Rural areas do not benefit as much from immigration as urban areas do. First and foremost because immigrants don't migrate to the countryside as much as they do to cities. Policies that benefit megacities such as Chicago and Miami do not benefit the country as whole. Progressive-liberal reality is a particular urban reality that lacks universal application. Urban wealth doesn't logically trickle down from the city to the countryside.
On their own, places like New York City could never sustain themselves. Like ancient Rome, modern cities are net importers of wealth and net exporters of dung. Yet, despite the fact that disposable incomes are lower in the countryside than in cities, rural folk tend to foot their nation's bills. They pay taxes into a system that unfairly redistributes wealth from the country to the city.
Urban Prejudice
Progressive voters look down on conservative folk. Not only because the agricultural communities of the latter are still relatively homogenous - one luxury the former can never afford - but also because rural folk work as slavers at the bottom of an urban-centric civilization.

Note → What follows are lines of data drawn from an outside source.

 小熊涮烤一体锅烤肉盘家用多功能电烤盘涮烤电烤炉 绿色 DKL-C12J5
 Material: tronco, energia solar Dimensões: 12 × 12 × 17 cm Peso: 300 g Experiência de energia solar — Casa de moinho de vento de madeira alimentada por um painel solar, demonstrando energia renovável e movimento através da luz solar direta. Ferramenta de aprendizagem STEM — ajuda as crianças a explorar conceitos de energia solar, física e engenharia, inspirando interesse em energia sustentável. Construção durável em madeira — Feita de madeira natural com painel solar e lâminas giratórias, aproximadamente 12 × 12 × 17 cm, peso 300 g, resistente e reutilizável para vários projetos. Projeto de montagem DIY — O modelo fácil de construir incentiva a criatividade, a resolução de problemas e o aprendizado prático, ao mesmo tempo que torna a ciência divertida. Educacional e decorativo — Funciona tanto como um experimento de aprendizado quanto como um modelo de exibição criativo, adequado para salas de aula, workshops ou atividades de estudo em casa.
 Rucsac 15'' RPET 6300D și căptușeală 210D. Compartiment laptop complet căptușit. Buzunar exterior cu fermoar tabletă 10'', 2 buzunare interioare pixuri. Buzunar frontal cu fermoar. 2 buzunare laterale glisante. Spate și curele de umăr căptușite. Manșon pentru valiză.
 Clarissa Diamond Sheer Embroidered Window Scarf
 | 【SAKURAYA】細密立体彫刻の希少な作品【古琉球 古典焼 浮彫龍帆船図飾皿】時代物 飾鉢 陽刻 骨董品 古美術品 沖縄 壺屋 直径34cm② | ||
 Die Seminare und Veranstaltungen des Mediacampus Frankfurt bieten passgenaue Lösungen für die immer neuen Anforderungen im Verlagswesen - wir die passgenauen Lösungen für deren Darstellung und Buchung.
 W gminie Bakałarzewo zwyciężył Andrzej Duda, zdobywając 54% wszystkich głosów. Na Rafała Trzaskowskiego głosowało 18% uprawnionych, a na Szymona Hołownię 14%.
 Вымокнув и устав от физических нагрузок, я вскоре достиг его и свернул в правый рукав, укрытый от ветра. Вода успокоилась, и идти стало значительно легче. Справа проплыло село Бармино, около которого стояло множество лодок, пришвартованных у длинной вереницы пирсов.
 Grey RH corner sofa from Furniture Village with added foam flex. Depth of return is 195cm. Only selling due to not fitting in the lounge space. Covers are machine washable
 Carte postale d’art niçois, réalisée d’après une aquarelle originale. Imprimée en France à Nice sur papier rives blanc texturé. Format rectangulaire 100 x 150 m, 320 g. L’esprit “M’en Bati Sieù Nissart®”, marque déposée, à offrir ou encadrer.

Before she lost, Hillary Clinton called half of Trump's voters a "basket of deplorables": homophobes, xenophobes, sexists, racists, and nationalists. Voters right-of-center are often met with such insults coming from urban-centric media. Indeed, Trump's voters, like those of Orbán and Hofer, were more religious and less educated, but the insults hurled at them overlook the key difference: they inhabit the countryside.
Are rural folk really less educated? They may be but they also have better mental health than city folk. Besides, the smartest kids from the country are the ones who move to the city. Are rural folk really more racist? Rural taxpayers are required to pay into a system that prefers foreign immigrants over their own offspring. By pitting natives against newcomers in the competition for a better life, the state has become the primary cause for racism.
The End of Cities
Cities lure people by brainwashing them with advertising meant to hide bitter reality. Cities are smog-infested, stress-inducing, hyper-competitive environments that reduce people to gears in a machine stuck in reverse.
My grandparents were farmers. My parents grew up on a farm but moved to a small town later in life. I am the first generation to spend a life in towns and cities. I did not enjoy it. I feel robbed of a more autonomous, more meaningful, and healthier life. I can only accede to what a young woman from Lithuania once told me. After spending a year living in Paris, she and her husband returned to the countryside near Vilnius to settle there. She said,
"Paris is nothing like the romantic image tourists hold of it. If you are rich and you can have whatever you want, a sportscar, luxury item, then Paris is good for you. But for the rest of us, where we lived, people were pissing and shitting in the middle of the street. Cities are the end of people."
Today, urban planners are spreading their vision for a concrete world like cancer. Like an elephant cemetery, I fear that urban areas will someday be where our human species goes to rest. If we want to preserve a livable Earth, if we want to rebuild meaningful communities, we must continue to support the rural revolt against urban politics.